- Directed by: Matthew Hannam
- Written by: Matthew Hannam Sarah Gadon
- Produced by: Fraser Ash Sarah Gadon Kevin Krikst
- Starring: Sarah Gadon Peter Mooney
- Cinematography: Nicolas Bolduc
- Edited by: Matthew Hannam Duff Smith
- Music by: Danny Bensi Saunder Jurriaans
- Distributed by: Crave
- Release date: September 6, 2018 (TIFF);
- Running time: 14 minutes
- Country: Canada
- Language: English

= Paseo (film) =

Paseo is a Canadian short drama film, directed by Matthew Hannam and released in 2018. The film stars Sarah Gadon as Alice, a woman who is exploring the city of Barcelona as she copes with feelings of loneliness and isolation.

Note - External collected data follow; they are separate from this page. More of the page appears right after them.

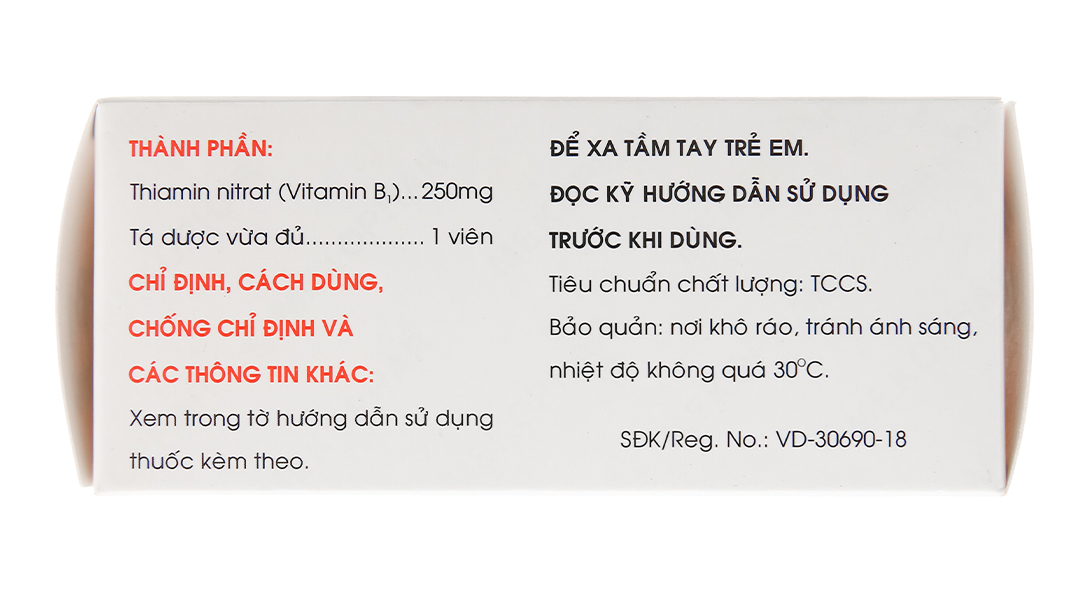 Công dụngĐiều trị các bệnh do thiếu B1, suy nhược cơ thể, đau đầu migrain, đau thấp khớp,...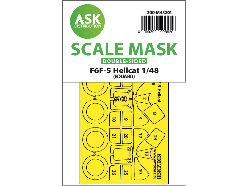 1/48 F6F-5 Hellcat oboustranná samolepící fit maska čirých dílů a disků kol pro stavebnici Eduard. Katalogové číslo ASK Distribution: 200-M48200
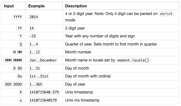 Format Dates moment().format('MMMM Do YYYY, h:mm:ss a'); moment().format('dddd'); moment().format("MMM Do YY"); moment().format('YYYY [escaped] YYYY'); moment().format(); Relative Time moment("20111031", "YYYYMMDD").fromNow(); moment("20120620", "YYYYMMDD"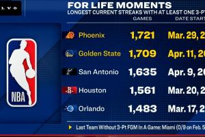 NBA球隊上一次出現(xiàn)全場沒進三分的情況還是在2016年2月6日(當(dāng)?shù)貢r間2月5日),該場比賽熱火全隊三分9中0。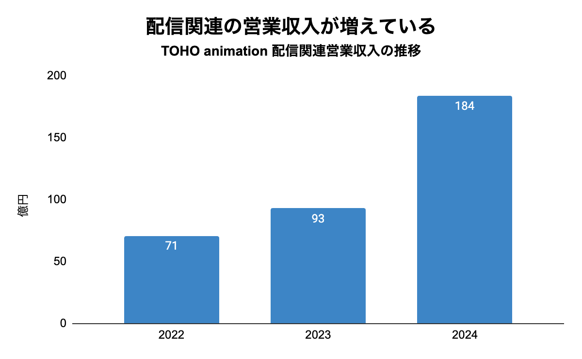 また、東宝はアニメ制作の機能を有しているため、こういった配信サービスからの営業収入(売上)も増加しています。

The film was awarded a production grant from BravoFACT in 2015, and was inspired in part by the time that Hannam and Gadon spent in Barcelona while working on Denis Villeneuve's film Enemy. Its cast also includes Peter Mooney and Alejandro Alvarez Cadilla.

The film premiered at the 2018 Toronto International Film Festival. It was subsequently named to TIFF's year-end Canada's Top Ten list for short films in 2018.